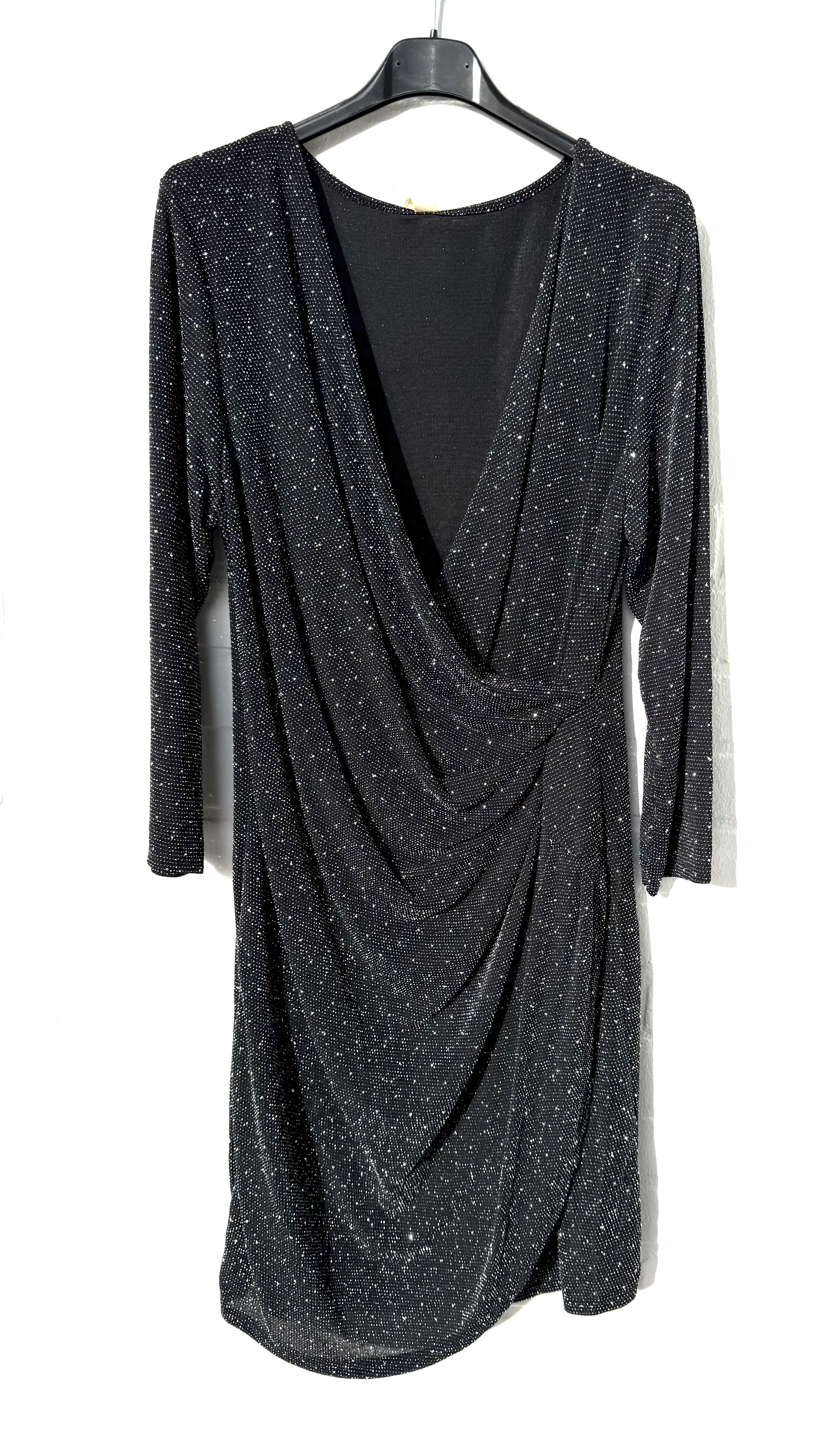 BESCHREIBUNG• Festliches Kleid mit kleinen Steinchen, Lurex• V-Ausschnitt, Raffung vorne, lange Ärmel• Größe: One Size (Gr.34-40)• Material: 95% Polyester, 5% Elasthan• Pfelgehinweis: 30 Grad Wäsche
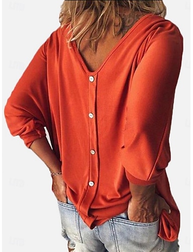 T-Shirt Donna Colore Unito Stile Casual Manica Lunga Collo a V Top Regolari Giornalieri Bottoni Blu Nero Bianco Vino Verde Militare Estate Primavera Autunno
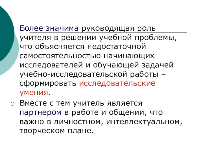 Слайд 20Более значима руководящая роль учителя в решении учебной проблемы, что
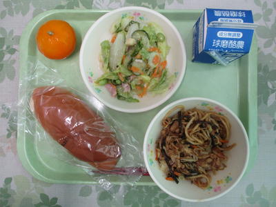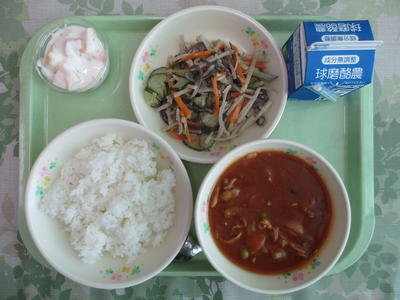 今日のフルーツヨーグルトに使用しているヨーグルトは相良村にある球磨酪農組合で作られた「球磨の恵み」を使用しています。このヨーグルトはとろみがあり甘さもちょうどよく、給食ではみかん・もも・パインの缶詰と凍った角切りゼリーを加えて混ぜ合わせたものをだしています。子どもたちにも人気のあるデザートです。毎日飲用している牛乳も地域で生産されたものです。新鮮なものをいただけることに感謝していただきたいですね。
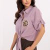 Stylish women’s shirt in a casual style, perfect for everyday wear. Made of breathable, natural cotton, it ensures comfort throughout the day. The short length and tie at the bottom give it a light and girly character, while the 3/4 sleeve works great on warmer days. The shirt is buttoned up and equipped with a classic collar, giving it a universal, relaxed look. At chest height, there is a practical pocket decorated with a subtle print, which provides a delicate yet fashionable accent.

--------------------

§ AIM OF THE EXERCISE: Repeat each line of the listing word for word, from the first through the line that contains "Слайд 20Более значима". Any picture stays out.

§ RESPONSE AREA:
 BESCHREIBUNG• Festliches Kleid mit kleinen Steinchen, Lurex• V-Ausschnitt, Raffung vorne, lange Ärmel• Größe: One Size (Gr.34-40)• Material: 95% Polyester, 5% Elasthan• Pfelgehinweis: 30 Grad Wäsche
 T-Shirt Donna Colore Unito Stile Casual Manica Lunga Collo a V Top Regolari Giornalieri Bottoni Blu Nero Bianco Vino Verde Militare Estate Primavera Autunno
 Слайд 20Более значима руководящая роль учителя в решении учебной проблемы, что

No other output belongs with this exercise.